Feynman gave a geometric proof that planet's orbit around the sun is an ellipse, there's an youtube episode for that, and for the tricky part there's some discussion on stackexchange physics forum, a more formal explanation can be found from the paper Paths of the planets by R.H. Hall and N. Higson.
However, Hall etc's paper used a "Tangent Principle", which says :
If two curves (in polar coordinates) $r_1(θ)$ and $r_2(θ)$ have the same tangent at every $θ$, then they are the same, up to scaling.
I believe this is also implicitly used by Feynman. It sounds correct, however, how could one prove it?

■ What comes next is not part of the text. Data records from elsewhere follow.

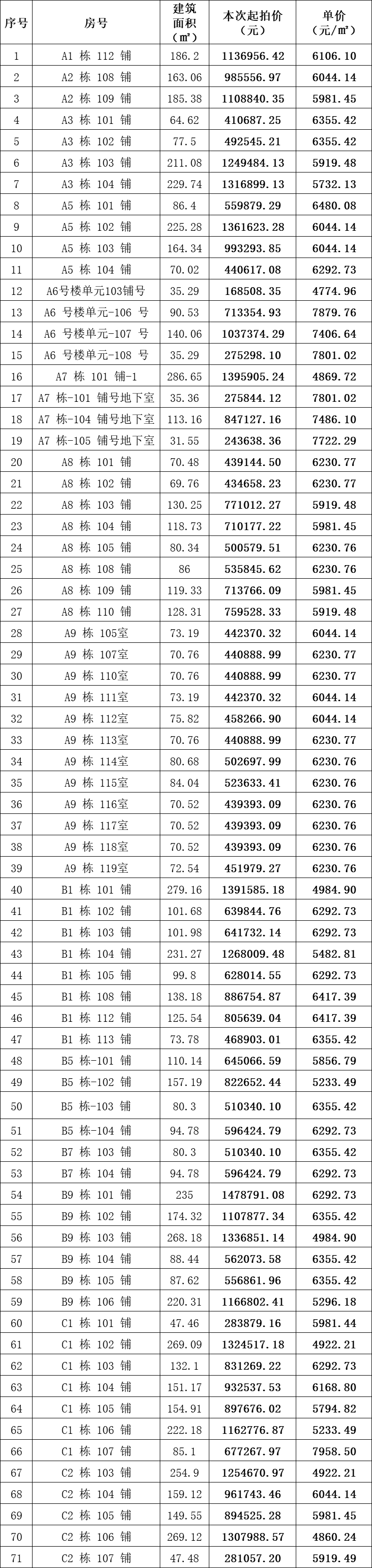 一、拍賣(mài)標(biāo)的:金寨縣金江新城沿河商鋪71間,按間拍賣(mài),建筑面積約31.55㎡-286.65㎡/間,起拍價(jià):16.851-147.8791萬(wàn)元/間。具體每間面積、價(jià)格詳見(jiàn)下方所附明細(xì)表。
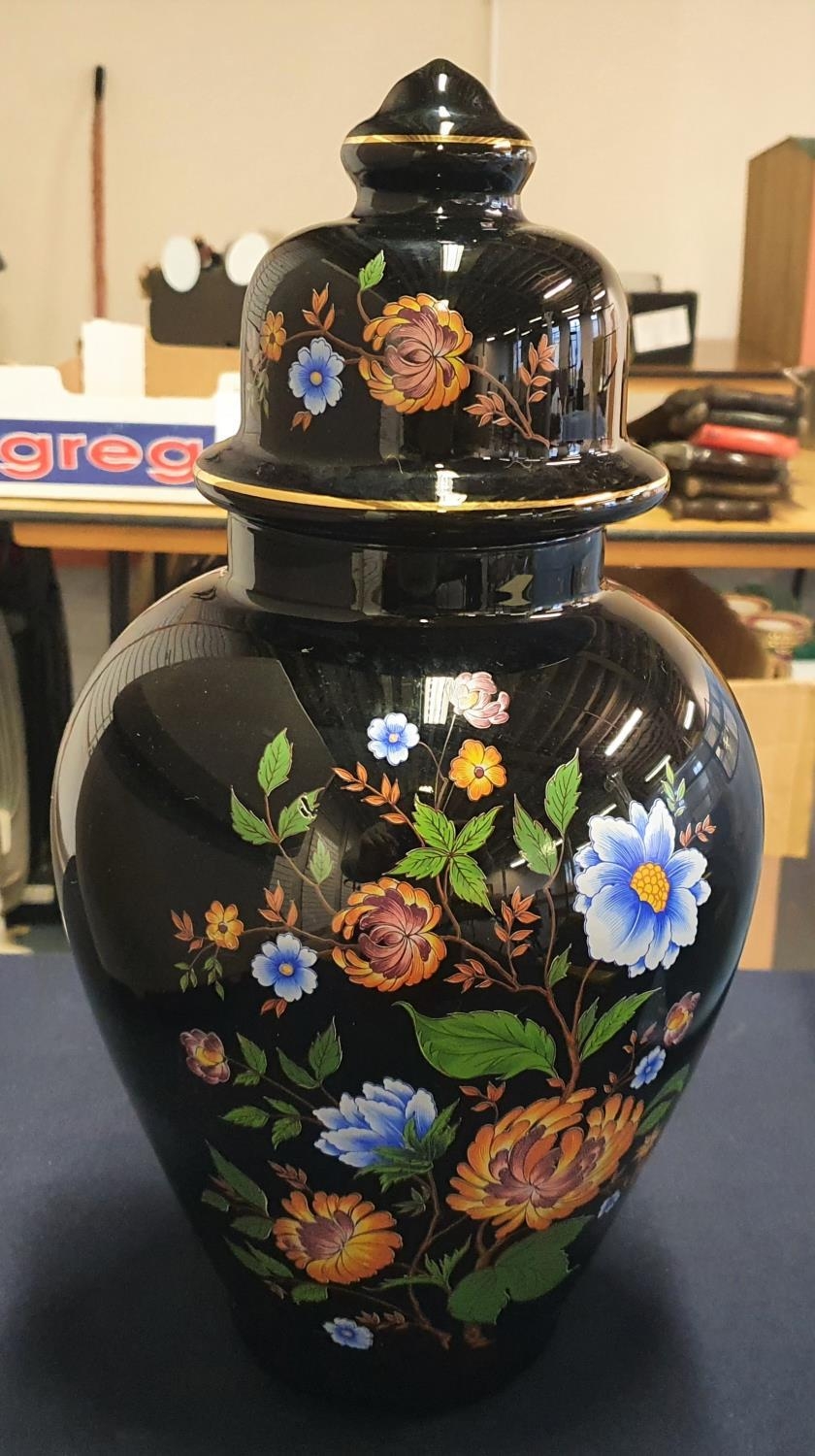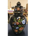 Fine quality, unmarked black porcelain lidded vase with floral decoration,
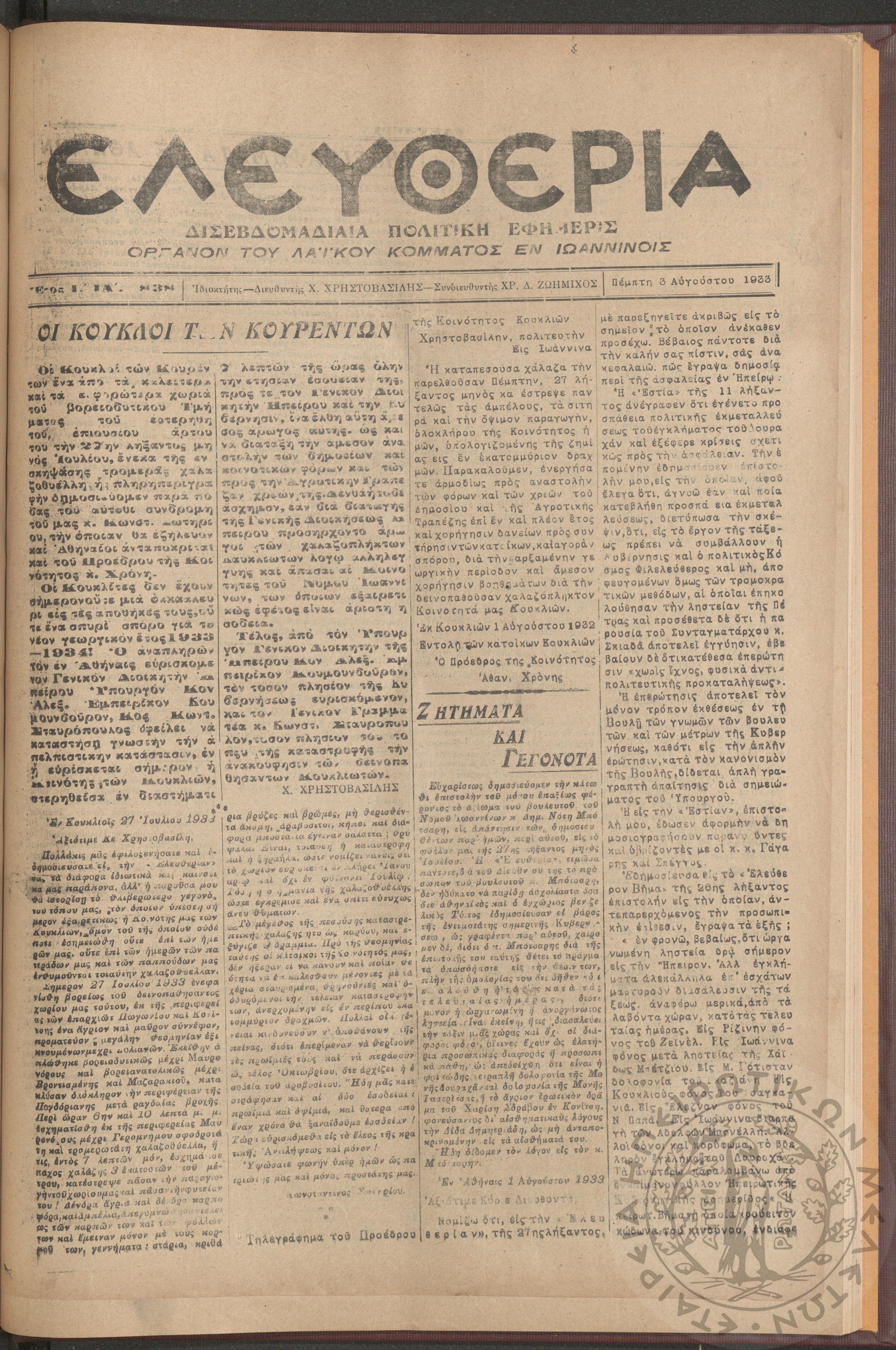 Ελευθερία: δισεβδομαδιαία Ηπειρωτική πολιτική εφημερίς, 1933, φ. 804
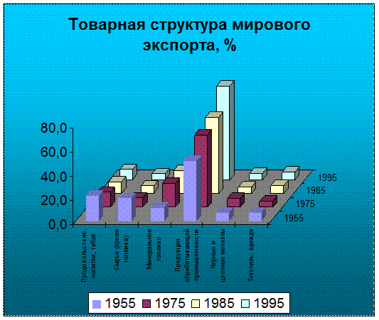 Согласно последним оценкам, в 1955-1994 гг. произошло резкое снижение в мировом экспорте удельного веса сельскохозяйственных товаров — с 34,9 до 11,9%, продукции добывающей промышленности — с 23,2 до 13,6%. Напротив, существенно повысилась доля готовых изделий с 40,9% в 1955 г. до 71,5% в 1994 г.
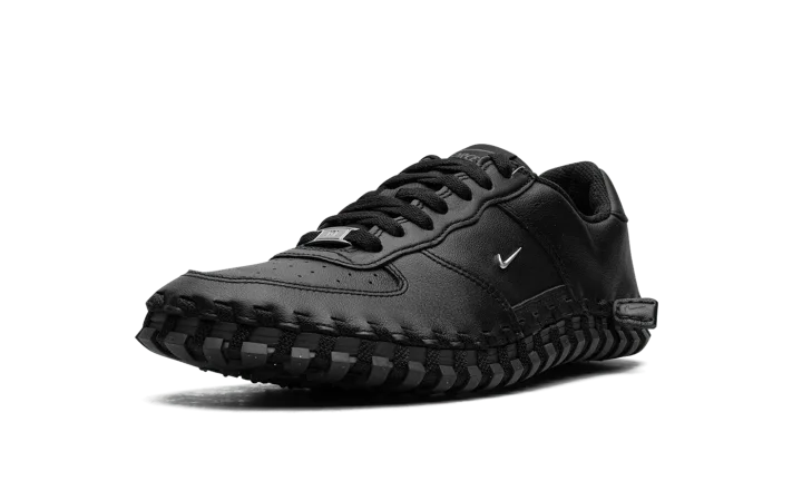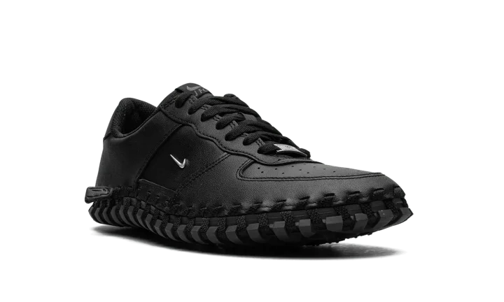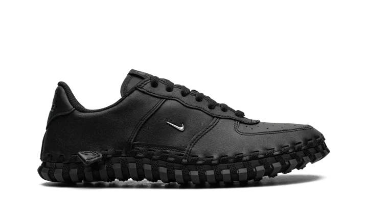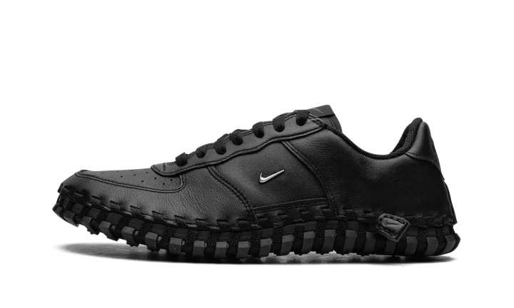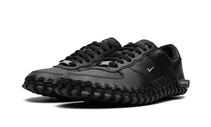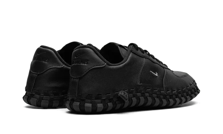 The Jacquemus x Nike J Force 1 Low "Black" is a collaboration by the French clothing brand that puts a decidedly modern take on the legacy sneaker. Not only is the J Force 1 Low inspired by Jacquemus's signature design ethos, the shoe's rugged design draws favorably from the Nike ACG Terra. The shoe is complete with a monochromatic black leather upper with exposed hand-woven overlays that ties the leather upper to the rubber sole. A small Metallic Black Swoosh appears on the sides. A "J Force 1" logo lands on the tongue tag and a debossed "Jacquemus" logo appears on the heel. The shoe is completed with a waffle outsole. Release date: June 21, 2023
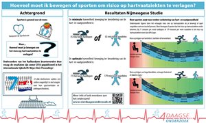 Sporten is gezond. Maar hoeveel moet iemand bewegen om het risico op het krijgen van hart- en vaatziekten zoveel mogelijk te verlagen? Die vraag wilden fysiologen Thijs Eijsvogels en Martijn Maessen van het Radboudumc graag beantwoorden. Zij volgden hiervoor tien jaar lang het beweegpatroon van ruim 20.000 hardlopers en wandelaars tijdens de Nijmeegse Vierdaagse en Zevenheuvelenloop. Deze cijfers vergeleken zij met het beweegpatroon van inactieve vrienden en familieleden van de sportievelingen.
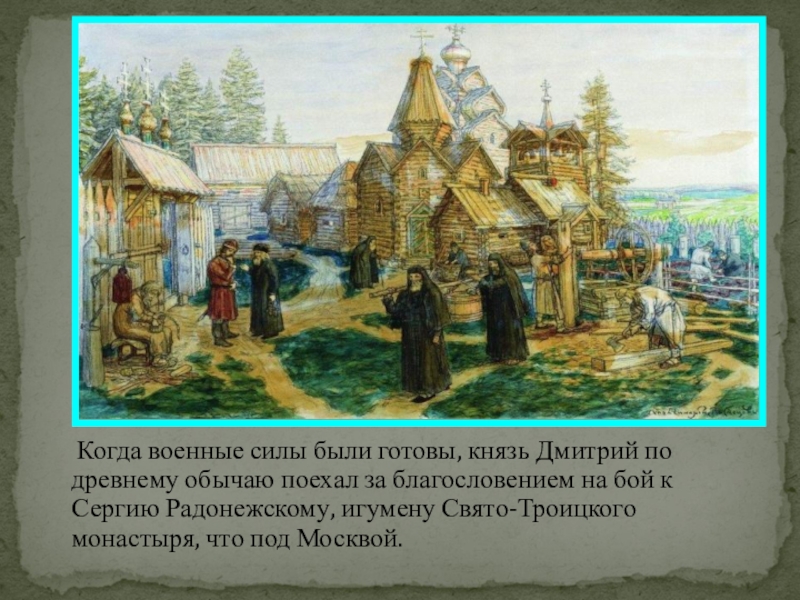 древнему обычаю поехал за благословением на бой к Сергию Радонежскому, игумену Свято-Троицкого монастыря, что под Москвой.
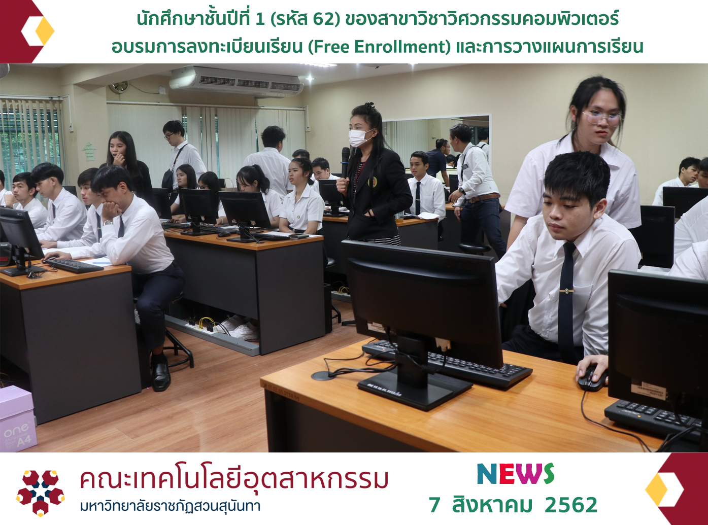 วันที่ 7 สิงหาคม 2562 ฝ่ายบริการการศึกษา คณะเทคโนโลยีอุตสาหกรรม จัดอบรมการลงทะเบียนเรียน (Free Enrollment) และการวางแผนการเรียนสำหรับนักศึกษาชั้นปีที่ 1 (รหัส 62) ของสาขาวิชาวิศวกรรมคอมพิวเตอร์ ณ ห้อง 4222 อาคาร 42 คณะเทคโนโลยีอุตสาหกรรม
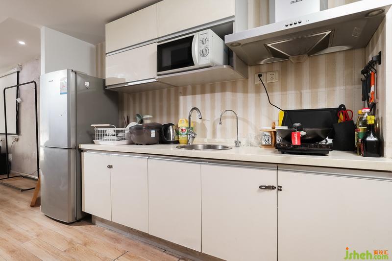 廚房在滿足基本儲(chǔ)藏空間的同時(shí)在軟裝上面做了添置和設(shè)計(jì)
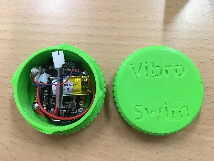 O primeiro premio recaeu no proxecto “VibroSwim” de Pablo Pedrosa e Guillermo Giacone, do CPR Las Acacias-Montecastelo de Vigo. Os rapaces sinalan que o seu invento “serve para asistir a nadadores profesionais con cegueira total, axudándolles a coñecer os límites da psicina". Explican que “estes deportistas non poden nadar de forma autónoma. Cando o nadador chega ao final da rúa debe ser avisado polo seu adestrador cun stick. Pensamos nunha solución máis complexa, precisa e automática, é dicir, sen necesidade doutra persoa. Para iso creamos un sistema de aviso totalmente automatizado, empregando un sensores que miden a velocidade de aproximación ás paredes da piscina, e que avisa cando o nadador debe iniciar a manobra de viraxe sen chocar coa parede. A orde envíase mediante bluetooth a un microcontrolador situado debaixo do gorro do nadador”. Este primeiro premio, dotado con 1.000 euros, permitiralles financiar a súa participación na maior feira científica a nivel estatal, Exporecerca, que se celebra anualmente en Barcelona.

Effect of scaling on tangent.
I think one would have to dilate both $x$ and $y$ axes the same amount for your argument. Consider the function $g(x,y) = (ax,by)$ , let us consider the position vector to the curve $\gamma(x,y)$ then in the scaled system it will be $g \circ \gamma(t)$. The tangent vector is given as:
$$ \frac{d}{dt} (g \circ \gamma(t) ) = \frac{d}{dt} ( a x(t), a y(t) ) = a \frac{d \gamma}{dt}$$
Hence, the tangent vector is parallel to the original under stretch/ squish. To recover the original statement that the curves will be the same upto scale, simply integrate the above equation.